## EXERCISE DATA
BEGIN

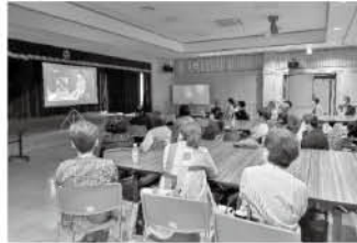
子育てや町づくりについてDVDを鑑賞
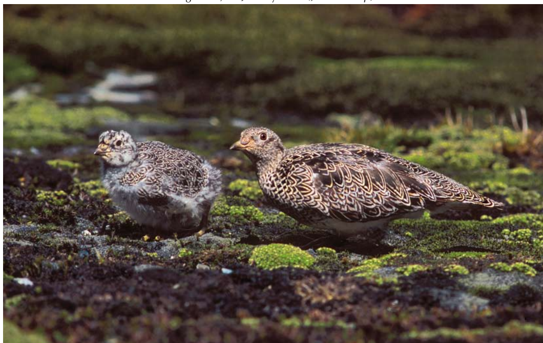
315 White-bellied Seedsnipes / Witbuikkwartelsnippen Attagis malouinus , adult with chick, Paso Garibaldi, Argentina, 31 January 2004
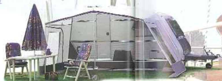
Kip Tour Vordach mit mittels Reißverschlüssen befestigten Wänden.

END

## WORK REQUIRED
Could you transcribe exactly the lines from the one with "315 White-bellied Seedsnipes" through the end of the data, both ends included, and nothing else, skipping the pictures?

## PROBLEM SOLUTION
315 White-bellied Seedsnipes / Witbuikkwartelsnippen Attagis malouinus , adult with chick, Paso Garibaldi, Argentina, 31 January 2004
Kip Tour Vordach mit mittels Reißverschlüssen befestigten Wänden.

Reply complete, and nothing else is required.